To do> If the records below hold pictures, omit them, and print exactly the lines from the first line through the line containing "Freshwater Pearl Sterling", inclusive.

(Stored data)
Start of Block

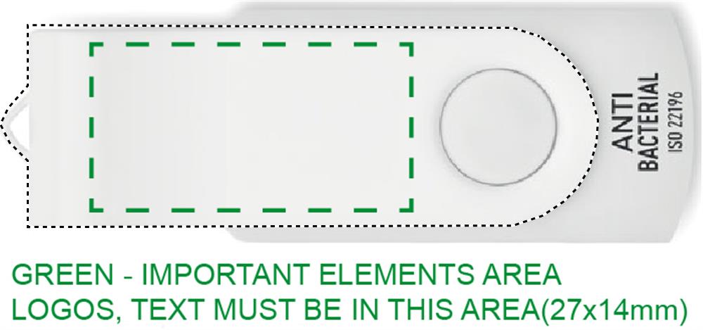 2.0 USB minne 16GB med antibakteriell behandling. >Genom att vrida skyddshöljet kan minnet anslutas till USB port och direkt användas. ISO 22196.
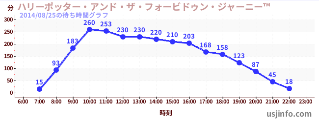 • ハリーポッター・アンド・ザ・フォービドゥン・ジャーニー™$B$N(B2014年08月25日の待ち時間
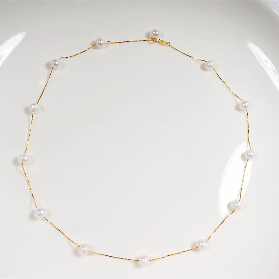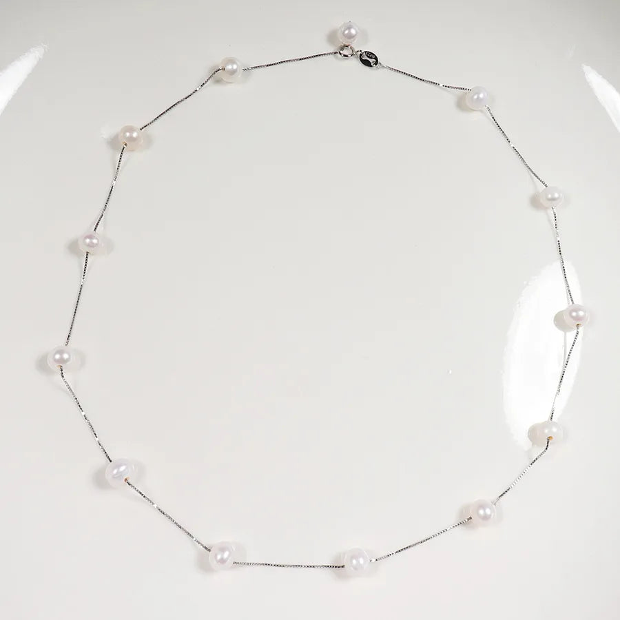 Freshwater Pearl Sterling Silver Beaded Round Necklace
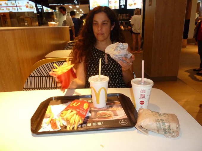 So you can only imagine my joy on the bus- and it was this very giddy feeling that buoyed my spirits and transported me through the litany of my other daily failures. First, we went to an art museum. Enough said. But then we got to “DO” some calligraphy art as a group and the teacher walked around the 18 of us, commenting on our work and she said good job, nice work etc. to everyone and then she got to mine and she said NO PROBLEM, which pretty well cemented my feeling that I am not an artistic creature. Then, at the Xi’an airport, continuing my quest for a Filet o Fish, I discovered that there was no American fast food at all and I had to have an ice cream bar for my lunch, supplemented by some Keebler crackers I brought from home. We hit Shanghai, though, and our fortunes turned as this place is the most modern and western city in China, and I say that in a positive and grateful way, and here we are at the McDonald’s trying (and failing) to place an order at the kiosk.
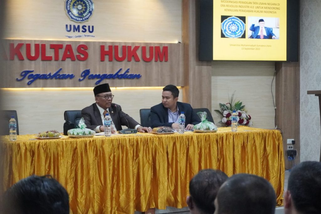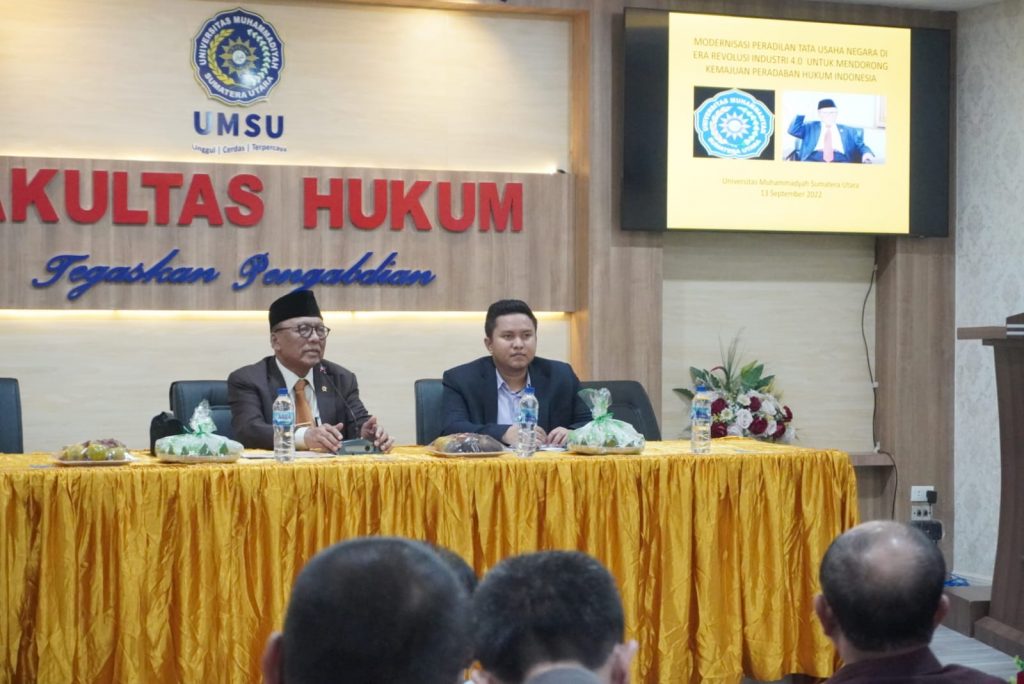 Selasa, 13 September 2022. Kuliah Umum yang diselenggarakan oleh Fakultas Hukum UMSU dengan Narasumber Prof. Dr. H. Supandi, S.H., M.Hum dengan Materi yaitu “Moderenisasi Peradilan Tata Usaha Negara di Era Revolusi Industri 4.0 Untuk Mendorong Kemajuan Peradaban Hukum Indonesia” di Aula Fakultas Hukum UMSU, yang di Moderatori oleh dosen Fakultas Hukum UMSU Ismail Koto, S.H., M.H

End of Block

Answer to the problem>
 2.0 USB minne 16GB med antibakteriell behandling. >Genom att vrida skyddshöljet kan minnet anslutas till USB port och direkt användas. ISO 22196.
 • ハリーポッター・アンド・ザ・フォービドゥン・ジャーニー™$B$N(B2014年08月25日の待ち時間
 Freshwater Pearl Sterling Silver Beaded Round Necklace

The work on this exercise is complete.